Advanced Exercism • julia

Loops

Lesson Overview

# Introduction

About

There are basically two types of loops:

  1. Loop until a condition is satisfied.
  2. Loop over the elements in a collection.

Both are possible in Julia, though the second may be more common.

The while loop

For open-ended problems where the number of times round the loop is unknown in advance, Julia has the while loop.

The basic form is fairly simple:

while condition
    do_something()
end

In this case, the program will keep going round the loop until condition is no longer true.

Two ways to exit the loop early are available:

  • A break causes the loop to exit, with execution continuing at the next line after the loop end.
  • A return x stops execution of the current function, passing the return value x back to the caller.

With these options available, it can sometimes be convenient to create an “infinite” loop with while true ... end, then rely on finding a stopping condition within the loop body to trigger a break or return.

Loop over a collection

The simplest illustration is to loop over a range.

If we want to do something 10 times:

for n in 1:10
    do_something(n)
end

If the current iteration fails to satisfy some condition, it is possible to skip immediately to the next iteration with a continue:

for n in 1:10
    if is_useless(n)
        continue
    end
    
    # we decided this iteration could be useful
    do_something_slow(n)
end

In a shorter form, the if block could be replaced by is_useless(n) && continue.

Many other collection types can be looped over: elements in an array, characters in a string, keys in a dictionary…

The requirement is that the collection must be iterable. This will be explained in more detail in a later Concept, but in essence the collection must have a way to yield the next item when asked, plus a way to indicate the end is reached and there are no more items.

The examples so far loop over the range 1:10, where the value is also the loop index.

More generally, the index may be needed and not just the value. For this, the eachindex() function is used, for example for i in eachindex(my_array) ... end.

Comprehensions

Writing explicit loops tends to be less common in Julia than in many traditional languages, because there are various more concise options.
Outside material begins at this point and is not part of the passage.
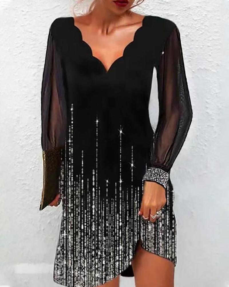 Style:Casual Type:Straight Material:100%Polyester Neckline:V-Neck Sleeve Style:Long Sleeve Length:Mini Pattern Type:Ombre Decoration:Rhinestone,Scallop,Sheer Mesh Fit Type:Regular Occasion:Daily Package Include:1* Dress Fabric Elasticity:Slight Stretch Sheer:Semi-Sheer Care Instructions:Machine wash or professional dry clean

A particularly common situation is when we need to build a new vector from the elements of some other collection (vector, string, set … there are many possibilities).

Anyone who likes list comprehensions in Python will be pleased to know that Julia can use similar syntax.

The essence of this is to set up a very compact loop inside a vector.

The simplest syntax is of the form result = [f(x) for x in some_collection].

With a traditional loop, that might be written:

result = []
for x in some_collection
    push!(result, f(x))
end

Optionally, a conditional can be added at the end, to select only matching elements in the collection:

# multiples of 3
julia> [n^2 for n in 1:10 if n%3 == 0]
3-element Vector{Int64}:
  9
 36
 81

# letters beyond 'h' in the alphabet
julia> [uppercase(c) for c in "Julia" if c > 'h']
3-element Vector{Char}:
 'U': ASCII/Unicode U+0055 (category Lu: Letter, uppercase)
 'L': ASCII/Unicode U+004C (category Lu: Letter, uppercase)
 'I': ASCII/Unicode U+0049 (category Lu: Letter, uppercase)

The syntax is similar to Python, but not identical. There is some divergence for multiple variables and/or multi-dimensional arrays, so this topic will be covered in more detail in a later Concept.

Other options

As a modern, mostly-functional language, Julia (of course) has a variety of ways to operate on collections, not just an explicit loop, or a compacted loop in a comprehension.

Later concepts will look at alternatives such as broadcasting and higher-order functions.